BLE-LTER / MetaEgress

R package to create Ecological Metadata Language documents from an instance of LTER-core-metabase database schema
https://BLE-LTER.github.io/MetaEgress/
6 stars 3 forks source link

Unexpected results and invalid EML with "expand_taxa=FALSE" in create_EML #80

Open gremau opened 1 year ago

gremau commented 1 year ago

I recently updated MetaEgress and updated my workflow to use the "expand_taxa" and "skip_taxa" arguments to the create_EML function. When I set "expand_taxa=TRUE" my taxa are expanded into a nice tree in the resulting EML. When I set "expand_taxa=FALSE" an invalid EML document is produced. No taxa expansion happens (as expected), but there are some elements in the resulting \<taxonomicClassification> element that won't validate (I think \<commonname> is the problem but not sure). One good thing about "expand_taxa=FALSE" is that there is a \<taxonId> element with the provider="https://itis.gov" attribute. This element does not appear with "expand_taxa=TRUE" as I was originally expecting.

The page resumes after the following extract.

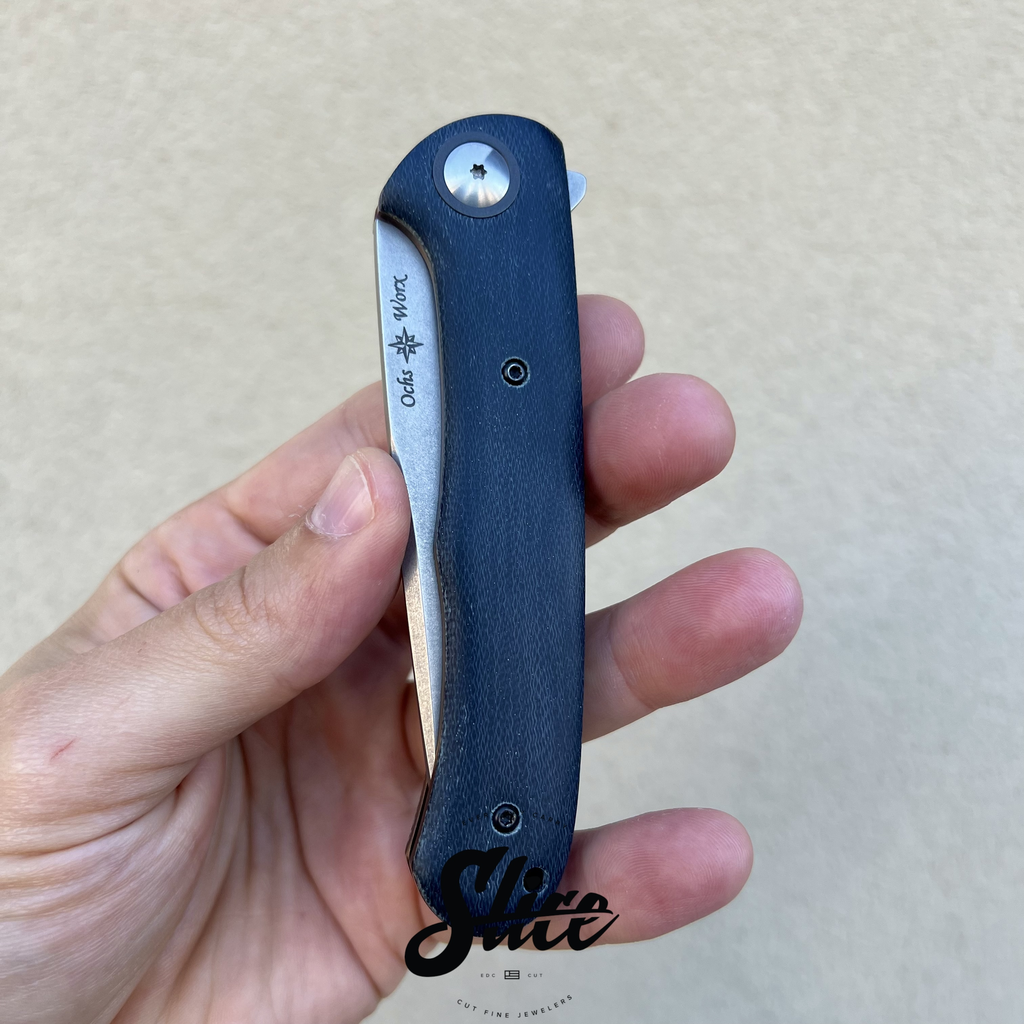 Ochs Worx Tualatin (Eric Ochs) custom folding knife with stonewashed steel and micarta scales.

It seems that "expand_taxa=FALSE" should still give valid EML with a taxonomicCoverage element, but I'm not sure where things are going wrong. Let me know if anyone has thoughts on how to correct this. 2 EML documents are attached (=FALSE and =TRUE cases)

knb-lter-jrn.210121001.62_expandfalse.xml.txt

knb-lter-jrn.210121001.62_expandtrue.xml.txt

twhiteaker commented 1 year ago

Did your parser tell you why the EML was invalid?

Without An, we've lost a lot of expertise to debug R stuff at BLE.

twhiteaker commented 1 year ago

One issue is that commonname should be commonName. https://github.com/NCEAS/eml/blob/main/xsd/eml-coverage.xsd#L1119

It's also weird that commonname appears in the expand=false version but not the expand=true version.

Another issue is that the rank name and value should occur before the common name and taxonId, I think, since this is an xs:sequence. https://github.com/NCEAS/eml/blob/main/xsd/eml-coverage.xsd#L1086

gremau commented 1 year ago

When validating the "expand_taxa=FALSE" file the first error I get is

"Error at line 217, column 23: no declaration found for element 'commonname'"

I then tried replacing commonname with commonName (camelcase) and got a different error:

"Error at line 221, column 35: element 'taxonRankName' is not allowed for content model '(taxonRankName?,taxonRankValue?,commonName,taxonId,taxonomicClassification*)'"

Bummer about An leaving BLE! She was great, and I hope we can keep MetaEgress and other projects going in her absence.

gremau commented 1 year ago

Good catch. At some point I can try to debug (might not be today though) - it seems like there is probably a logic issue and elements need to be reordered in the R code to satisfy the schema, but I'm not totally clear where to find that yet.

twhiteaker commented 1 year ago

Oh, it was also strange to me that commonName didn't show up in your expanded version. Common name does appear in the expanded versions that An generated for BLE.

twhiteaker commented 1 year ago

I think commonname in line 179 of assemble_taxonomy.R needs to be commonName. As for rank name and value being out of order, I don't know yet.

twhiteaker commented 1 year ago

In 583a746e3119aad1d017ab8b9c01d0abb09c8806, I fix the spelling to commonName. I exported EML with the expand_taxa option to set True and again set to False. Both outputs validated using this parser.

However, I don't see any common names in the output.

twhiteaker commented 1 year ago

For expand_taxa =FALSE, MetaEgress reads from Metabase. All my common names were empty. Once I entered a common name, it showed up in EML.

For expand_taxa =TRUE, I assume MetaEgress calls something like taxize to pull the info. WoRMS doesn't return common names as far as I can tell, and all of my datasets use WoRMS. @gremau do you have a dataset that uses some other provider that does provide common names, that you can test with?